RECORDS SUPPLIED »
====

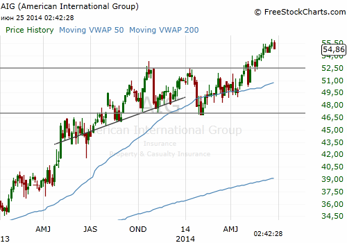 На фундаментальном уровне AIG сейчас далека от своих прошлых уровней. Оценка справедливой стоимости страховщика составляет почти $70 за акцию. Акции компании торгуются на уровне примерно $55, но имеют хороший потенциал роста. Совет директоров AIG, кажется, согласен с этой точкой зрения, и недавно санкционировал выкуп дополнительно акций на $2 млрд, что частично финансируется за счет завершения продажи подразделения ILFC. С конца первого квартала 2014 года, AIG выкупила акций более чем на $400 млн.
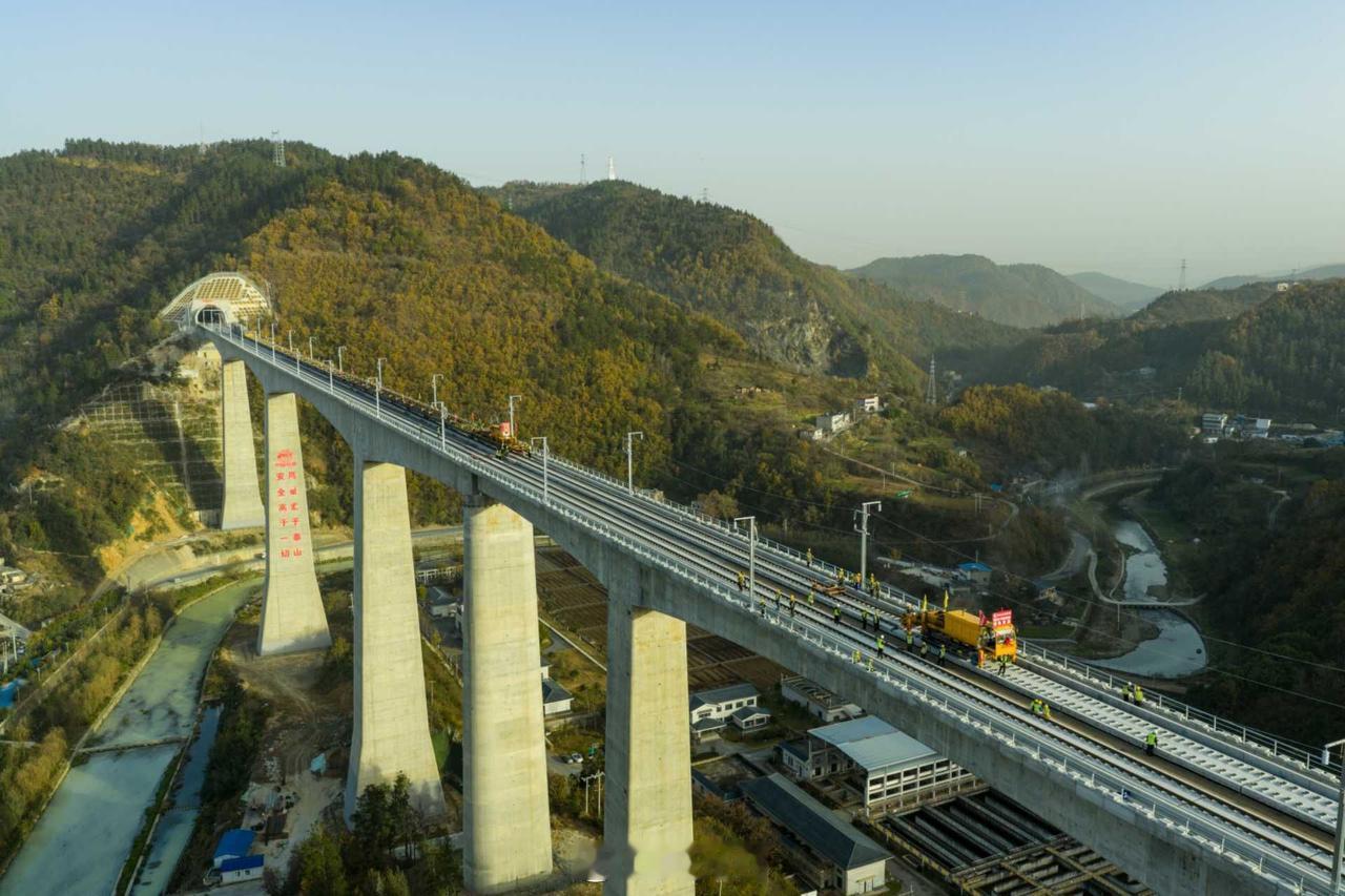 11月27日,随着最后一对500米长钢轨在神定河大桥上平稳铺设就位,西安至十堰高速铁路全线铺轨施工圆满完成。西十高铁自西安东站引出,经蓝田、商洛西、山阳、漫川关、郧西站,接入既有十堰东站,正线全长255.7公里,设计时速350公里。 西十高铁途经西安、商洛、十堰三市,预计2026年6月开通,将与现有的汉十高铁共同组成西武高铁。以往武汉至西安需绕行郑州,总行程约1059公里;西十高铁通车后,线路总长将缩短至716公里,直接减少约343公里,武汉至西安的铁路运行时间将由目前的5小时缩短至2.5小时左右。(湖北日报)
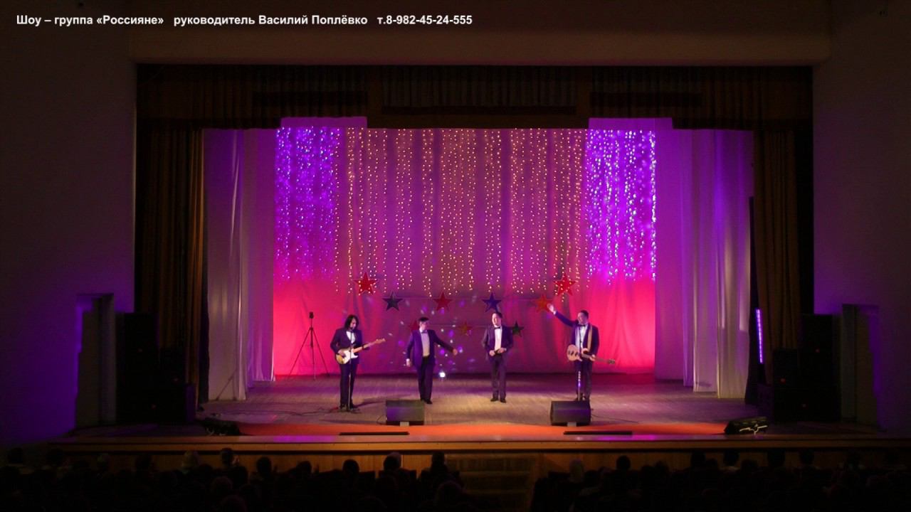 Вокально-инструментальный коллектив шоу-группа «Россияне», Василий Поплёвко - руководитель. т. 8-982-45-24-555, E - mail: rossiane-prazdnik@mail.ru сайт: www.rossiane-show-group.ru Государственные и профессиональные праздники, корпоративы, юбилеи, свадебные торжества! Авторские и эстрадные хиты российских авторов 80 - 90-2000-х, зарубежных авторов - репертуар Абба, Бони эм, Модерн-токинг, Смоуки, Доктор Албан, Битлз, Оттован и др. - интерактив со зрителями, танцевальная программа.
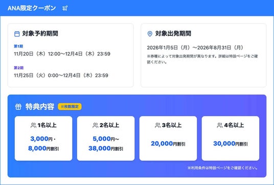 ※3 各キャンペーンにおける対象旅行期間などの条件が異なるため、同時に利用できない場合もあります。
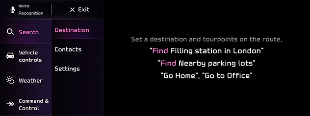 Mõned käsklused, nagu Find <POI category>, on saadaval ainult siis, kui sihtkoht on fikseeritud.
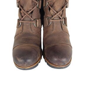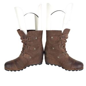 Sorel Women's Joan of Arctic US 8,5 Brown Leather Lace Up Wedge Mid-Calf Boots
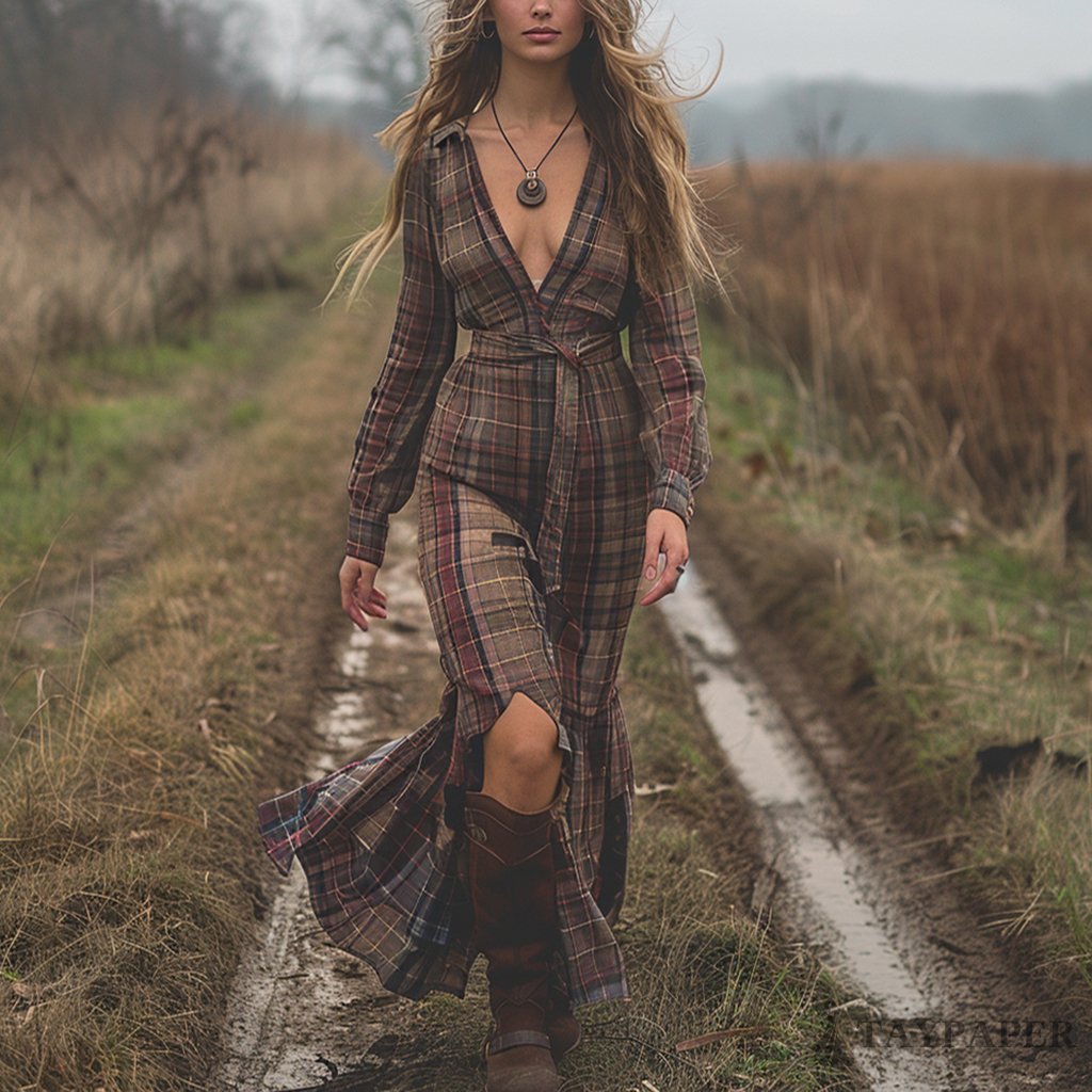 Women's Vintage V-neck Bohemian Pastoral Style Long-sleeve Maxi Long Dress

====

YOUR OBJECTIVE »
From the entries above, copy exactly the lines starting at the one with "Вокально-инструментальный коллектив шоу-группа" and stopping at the one with "Mõned käsklused, nagu", keeping both ends. Drop the pictures.

ANSWER TO THE PROBLEM »
 Вокально-инструментальный коллектив шоу-группа «Россияне», Василий Поплёвко - руководитель. т. 8-982-45-24-555, E - mail: rossiane-prazdnik@mail.ru сайт: www.rossiane-show-group.ru Государственные и профессиональные праздники, корпоративы, юбилеи, свадебные торжества! Авторские и эстрадные хиты российских авторов 80 - 90-2000-х, зарубежных авторов - репертуар Абба, Бони эм, Модерн-токинг, Смоуки, Доктор Албан, Битлз, Оттован и др. - интерактив со зрителями, танцевальная программа.
 ※3 各キャンペーンにおける対象旅行期間などの条件が異なるため、同時に利用できない場合もあります。
 Mõned käsklused, nagu Find <POI category>, on saadaval ainult siis, kui sihtkoht on fikseeritud.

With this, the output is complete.